Figure 7: Heatmap of the proportion of upwelling days in each month from 1982 to 2020. Red means high upwelling percentage (~95%) , blue means low upwelling percentage (~0%), and green is the average upwelling percentage (~50%).

This plot illustrates a a fairly consistent pattern of high upwelling percentage from June to October. There is extremely high upwelling percentage (~95%) in August, September, and October. On the other hand, there is low upwelling percentage (~0%) from November to May. This shows the upwelling months (upwelling percentage higher than 25%), to be from June to October and the non-upwelling months (upwelling percentage lower than 25%) from November to May.

Figure 8: Heatmap of upwelling percentage facetted by latitude bins from 1982 to 2020. Red means high upwelling percentage (~95%) , blue means low upwelling percentage (~0%), and green is the average upwelling percentage (~50%). This plot segments the previous plot into four latitude bins: [40°N, 43.5°N], [43.5°N, 46.126°N], [46.125°N, 47.625°N], and [47.625°N, 50°N].

Overall, there is extremely high upwelling percentages (~95%) during the upwelling months at the 40°N ~ 43.5°N latitude bin and lower upwelling percentages as latitude increases. In the northern latitudes, there are some years with high upwelling percentage, but they are not as common as in the southern latitudes.

Figure 9: Heatmap of upwelling percentage by latitude and month from 1982 to 2020. Red means high upwelling percentage (~95%) , blue means low upwelling percentage (~0%), and green is the average upwelling percentage (~50%).

This plot confirms the above findings of a consistent upwelling pattern from June to October and higher upwelling percentages in the lower latitudes (40°N ~ 45°N). Interestingly, there is a glimmer of high upwelling percentage around 48.0°N from August to September. This latitude is same as the latitude where in the 1980s and 2010s, upwelling percentage was observed to be around 35%.

5.0.3 Changes in Upwelling Phenology and Duration

Figure 10: Heatmap showing the first day of upwelling off the coast of Vancouver Island and Washington. Red squares signify later upwelling days (late September) and blue squares earlier days (June). White squares indicate missing values.
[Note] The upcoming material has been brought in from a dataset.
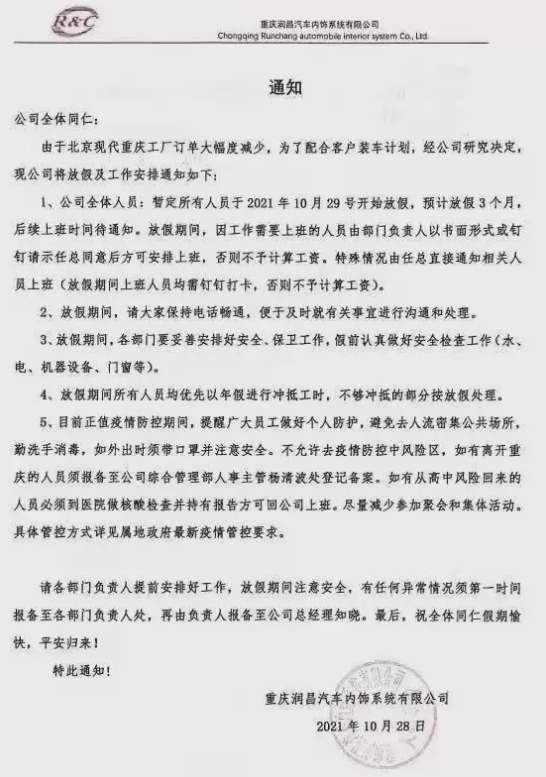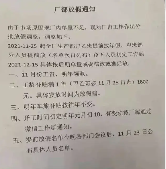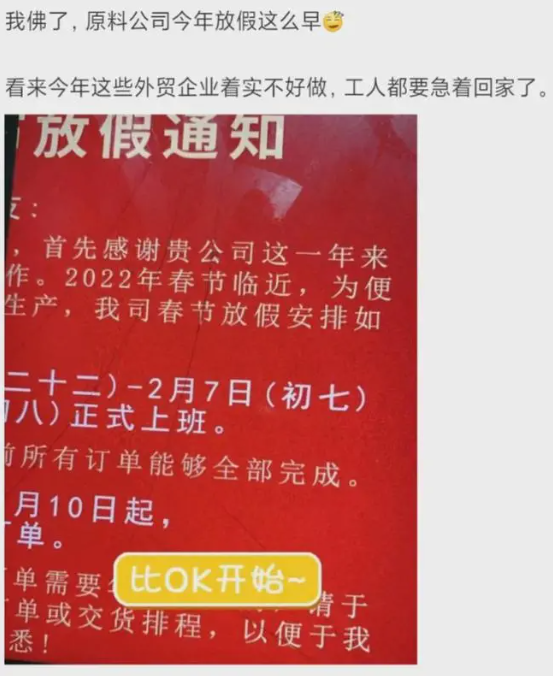 近期,國內疫情零星爆發。 廣東、江蘇、浙江多地局部封控, 全國多地暫時停產停工停業! 疫情催迫下, 大量工廠也提前放假了!  ▶廣東:東莞再增2例本土確診病例 據廣東衛健委網站,12月17日0-24時,全省新增本土確診病例2例,均為東莞報告,1例在納入集中隔離觀察的密接中發現,1例在大規模人群核酸篩查中發現。全省新增境外輸入確診病例5例,其中1例為無癥狀感染者轉確診,廣州報告3例,分別來自老撾、馬來西亞和伊朗;深圳報告2例,均來自美國。新增境外輸入無癥狀感染者3例,深圳報告2例,均來自委內瑞拉;佛山報告1例,來自沙特阿拉伯。新增出院2例,目前在院67例。  根據國家和省關于應對新冠肺炎疫情分區分級防控的工作要求,經東莞市新冠肺炎防控指揮部同意,自2021年12月16日起,大朗鎮大井頭社區大朗碧桂園首座3棟、蔡邊村沙井街76-80號、蔡邊村金麗路五巷20號、蔡邊村九墩區112號、長塘社區第一工業區一街92-146號、長塘社區三區一路197-199號君安雅居、大井頭社區怡安路63號怡安時尚公寓、水平村紅荔西區金寶公寓由低風險地區調整為中風險地區,其他地區風險等級不變。 12月14日起,廣州封閉地鐵5號線淘金站B出入口,管控區域部分公交站點有所調整,暫停防范區內的巡游車、網約車運營。14日6時起,所有從白云機場乘機出發的旅客,在測溫和查驗健康碼的基礎上,須查驗行程碼。  ▶江蘇:部分高速入口關閉 江蘇徐州:停課、高速入口關閉。全市暫停線下教學,徐州周邊徐州南、徐州西、柳新、呂梁、東探收費站入口關閉,出口正常通行,徐州、徐州東、徐州北、漢王、彭城五個收費站正常開通,高速入口查驗48小時核酸檢測證明,請配合疫情防控工作,提前準備核酸檢測報告。 ▶浙江:大廠相繼停產 為遏制疫情擴散,浙江已有多家大型企業宣布停產。截至12月13日,發布了臨時停牌公告的17家A股上市公司中,11家都處于上虞區,主要集中于化工產業、機械零部件等產業。 停產企業如下:  ▶黑龍江:停工停產停業  訥河市發布第51號公告,強化社會面管控。保障社會生活運轉業態,其他業態一律停工停產停業。出租車、公交車、長途客運車輛等公共交通暫停營運。所有民營醫院對現有住院患者封閉管理,停止接診;所有個體診所、門診部、社區衛生服務中心(站)、村衛生所暫停營業。學校、幼兒園及培訓機構實行線上教學。 工廠提前放假!提防貿易商拋貨引發“踩踏風險”! 疫情零星爆發、下游行情慘淡,不少工廠訂單量驟減。多以老客戶翻單訂單、小批量為主,很多工廠訂單稀少,為了節約成本,會提前開啟放假模式。受疫情和市場的影響,今年的放假似乎比之前來得要早一些。    當前貿易商年底資金壓力急劇增加,需要警惕貿易端拋售庫存引發的“踩踏風險”。 塑料供應商老板突然跑路引發賣家熱議近日,還有一則爆料稱,中山市某塑料廠老板突然跑路,毫無征兆,給了員工當頭一棒。據員工發視頻爆料,前一天晚上加班還好好的,第二天一早上班發現人去樓空,老板跑路了,并且還欠員工三個月的工資沒發。  視頻中,員工用紅色的幾個大字表達著不滿:“因為信任,往往容易被騙”“老板你的良心不會痛嗎?”  從視頻截圖中可以看到,公司里一片混亂,只剩下一些沒使用完的材料和工具。此消息一出,引來了眾多賣家關注,大家都對該公司老板表達了譴責之意。“這樣做老板,估計一輩子都發不了財。得民心者得天下。失民心者失天下。格局還是太小了。”“永遠不要跟資本家談良心!跟員工談理想的老板底子都虛,記住,不管什么糖衣炮彈,自己出力就是為了掙錢!”圖片  其實,要不是實在沒辦法了,老板也不會一走了之,在網格化管理與視頻監控之下,沒有哪個老板真正能跑得掉的。在疫情擾動的兩年時間,老板們承受的痛苦不可想象,說多了都是淚。不過,背負著房貸車貸的打工者也不容易,就算公司要倒閉解散,老板也應該考慮到大家共事一場,給員工一個交代。受疫情影響,各行各業都不景氣,中小企業的境況更加艱難,不是每個企業老板都能做到善始善終的。

Heatmap showing the last day of upwelling is placed in the Appendix since it shows no clear pattern.

The plot above shows that the first day suggesting a coastal upwelling process by our automatic detection method was from June to October. Overall, upwelling started later for the northern latitudes (45.0°N ~ 50.0°N) than the southern latitudes (40.0°N ~ 45.0°N). There is a band of latitudes around the late 1990s and late 2000s when the first day of upwelling was late September. Also, around 48.0°N, the first day of upwelling is much earlier (June) than the surrounding latitudes, where the first day of upwelling was in August.

Figure 11: Heatmap showing the duration of upwelling off the coast of Vancouver Island and Washington. Red squares indicate short upwelling duration (~10 days) and blue squares long upwelling duration (~150 days). White squares indicate missing values.

Overall, southern latitudes (40.0°N ~ 45.0°N) show longer duration of upwelling. This is natural since the previous plot showed that in the southern latitudes, upwelling started earlier than the northern latitudes. There are some northern latitudes with short duration of upwelling. Around 50.0°N and 47.5°N, the duration of upwelling is shorter than its surrounding latitudes. In 1997, a shorter duration of upwelling was observed at 45.0°N ~ 47.5°N than surrounding years.

5.1 Discussion

Our automatic detection method mainly draws inspiration from Gidhagen (1987). Gidhagen determined a coastal upwelling process with “an abnormal temperature drop of at least 2°C compared to earlier and surrounding measurements”. This revealed that in the Baltic Sea, the range of the temperature drop for upwelling events is 2-10°C and a typical drop is 4-5°C. Our method uses a threshold of 2.5°C, which is optimal for reducing noise. While Gidhagen compares the current coastal temperature in two dimensions, time and location, we only look at one dimension, comparing the coastal SST to the SST that are 2 and 3 degrees away.

Eleven years later, Naidu, Ramesh Kumar, and Ramesh Babu (1999) studied monsoonal upwelling along the west and east coasts of India using monthly mean local temperature anomaly (LTA). LTA is defined as the diffference between coastal and mid-ocean sea surface temperatures (SST). Specifically, they calculate two LTAs, one on the west coast (\(LTA_W\)) and another on the east coast (\(LTA_E\)).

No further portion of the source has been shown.